The political science and religious studies professor said that she and her colleagues have athletes in their classes.

“We don’t want them to be hazed and harassed. It’s that simple.”

Professors who signed the letter are:

Caitlin Fitz, Kate Masur, Susan Pearson and Amy Stanley, all of the History Department, as well as Beth Hurd, Political Science, and Jessica Winegar, Anthropology.

Jeff Hirsh joined the Evanston Now reporting team in 2020 after a 40-year award-winning career as a broadcast journalist in Cincinnati, Ohio.

Join the Conversation


  1. The stadium construction seems tangentially related at best, unless they were calling for suspending the entire football program, in which case the primary purpose of the stadium would go away.

    I am happy to see some faculty taking an interest in protecting students. I also suspect that this is a problem that is much bigger than just the head coach; he was just the fall guy. I doubt the faculty raising this issue would be satisfied if they kept playing football in the current stadium in exchange for meeting none of their demands. So it does not make sense to tie the issue of reform to construction of a building.

    1. Barry Miller said it best: “One wonders whether Northwestern’s plan to rebuild Ryan Field was a factor in how this was handled. A major controversy about the football program is ill-timed while rebuilding plans are before the city. Hundreds of millions of dollars are at stake.

      The sequence of events makes it appear that Northwestern was more concerned about public relations, avoiding controversy and protecting its athletic programs than its fundamental obligations to the truth and protecting the welfare of its students. While top university administrators must always balance many factors in their decisions, they seem to have assigned insufficient weight to their most basic values.”

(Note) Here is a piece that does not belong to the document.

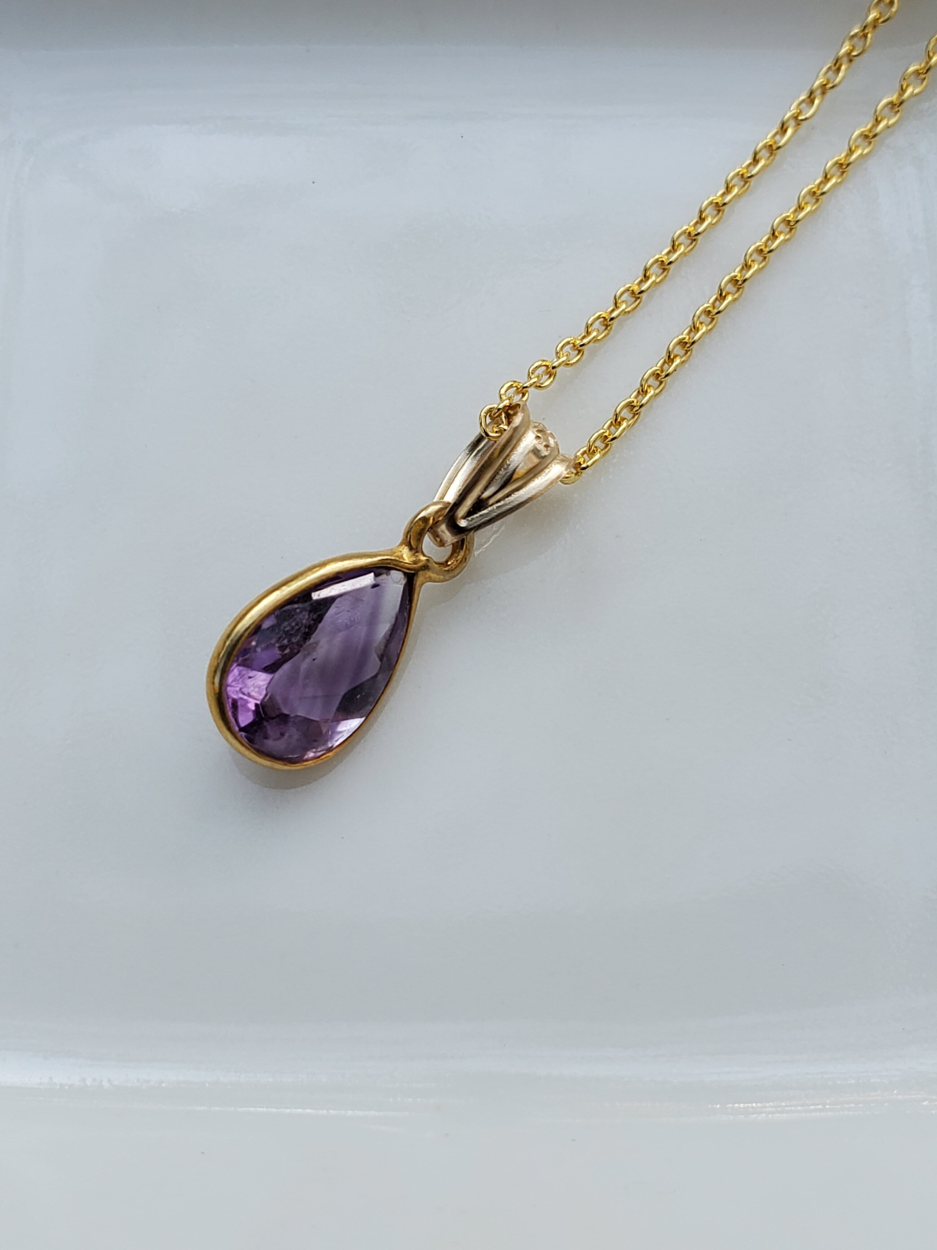 アメジスト18KGP製ネックレス チェーン40センチ 石が綺麗にみえるよう、シンプルに作りました。 よろしくお願いいたしますm(_ _)m 定形外郵便 送料無料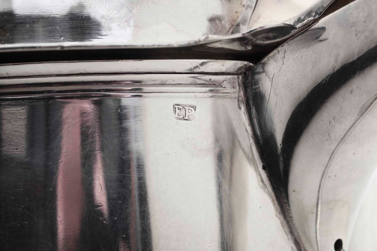 Tankard in argento fuso, sbalzato e cesellato. Inghilterra probabile XVIII secolo. Presente solo il marchio dell’argentiere EP entro rettangolo (non identificato)

  2. The stadium construction isn’t related at all to the problems with the football program or the cheerleaders. How do bricks and mortar relate to hazing, a lack of coaching oversight, sexual harassment, etc? The baseball program appears to be in even more turmoil than the football program – so according to the professors’ logic, I guess part of the solution is to do something to Rocky Miler Park? If the professors aren’t fans of the stadium project, then make pertinent points about noise, traffic, etc. Their letter makes no sense.

  3. As a former Chicago mayor once famously said regarding moving forward his political agenda, “never let a good crisis go to waste”.